(TRY IT) Give again, word for word, every line in the entries below from the line with "4.6%,同比提升了約 0.4 個百分點。" up to and including the line with "第34回せとだパリ祭が7月2", and no other line.

(ENTRIES PROVIDED)
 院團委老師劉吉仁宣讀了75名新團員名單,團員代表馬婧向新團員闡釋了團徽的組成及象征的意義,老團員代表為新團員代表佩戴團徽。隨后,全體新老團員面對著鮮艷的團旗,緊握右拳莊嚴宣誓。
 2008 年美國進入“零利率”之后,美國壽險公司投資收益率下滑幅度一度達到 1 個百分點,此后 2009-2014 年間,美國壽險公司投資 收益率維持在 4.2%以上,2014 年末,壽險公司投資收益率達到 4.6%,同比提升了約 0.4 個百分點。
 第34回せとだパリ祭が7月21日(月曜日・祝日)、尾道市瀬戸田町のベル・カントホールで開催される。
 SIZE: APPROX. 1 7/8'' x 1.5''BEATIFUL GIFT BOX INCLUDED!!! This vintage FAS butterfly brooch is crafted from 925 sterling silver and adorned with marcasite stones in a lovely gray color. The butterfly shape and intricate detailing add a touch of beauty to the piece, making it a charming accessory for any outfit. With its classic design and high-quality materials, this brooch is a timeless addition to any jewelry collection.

==

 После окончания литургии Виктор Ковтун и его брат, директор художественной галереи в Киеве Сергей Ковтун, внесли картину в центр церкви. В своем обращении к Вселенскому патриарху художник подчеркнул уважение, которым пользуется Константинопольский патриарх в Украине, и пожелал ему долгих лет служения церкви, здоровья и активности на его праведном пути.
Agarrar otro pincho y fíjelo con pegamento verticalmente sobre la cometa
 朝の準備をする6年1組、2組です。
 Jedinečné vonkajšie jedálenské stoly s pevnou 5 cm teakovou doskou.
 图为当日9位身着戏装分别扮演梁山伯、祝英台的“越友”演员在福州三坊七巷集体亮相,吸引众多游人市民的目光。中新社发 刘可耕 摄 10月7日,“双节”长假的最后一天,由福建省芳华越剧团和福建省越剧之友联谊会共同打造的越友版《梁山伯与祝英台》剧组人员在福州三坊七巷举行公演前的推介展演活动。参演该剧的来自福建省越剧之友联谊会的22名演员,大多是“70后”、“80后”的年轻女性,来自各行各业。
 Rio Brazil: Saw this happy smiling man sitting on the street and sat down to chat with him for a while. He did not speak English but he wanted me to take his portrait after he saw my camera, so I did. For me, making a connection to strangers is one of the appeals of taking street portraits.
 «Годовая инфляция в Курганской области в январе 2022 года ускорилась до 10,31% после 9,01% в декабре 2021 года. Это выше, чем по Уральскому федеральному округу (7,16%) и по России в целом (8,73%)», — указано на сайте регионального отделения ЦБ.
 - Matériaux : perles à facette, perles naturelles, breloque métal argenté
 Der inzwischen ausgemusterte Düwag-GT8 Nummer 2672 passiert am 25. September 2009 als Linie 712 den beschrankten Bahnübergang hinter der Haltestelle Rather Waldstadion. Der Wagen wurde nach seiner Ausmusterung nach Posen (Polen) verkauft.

(RESPONSE BELOW)
 2008 年美國進入“零利率”之后,美國壽險公司投資收益率下滑幅度一度達到 1 個百分點,此后 2009-2014 年間,美國壽險公司投資 收益率維持在 4.2%以上,2014 年末,壽險公司投資收益率達到 4.6%,同比提升了約 0.4 個百分點。
 第34回せとだパリ祭が7月21日(月曜日・祝日)、尾道市瀬戸田町のベル・カントホールで開催される。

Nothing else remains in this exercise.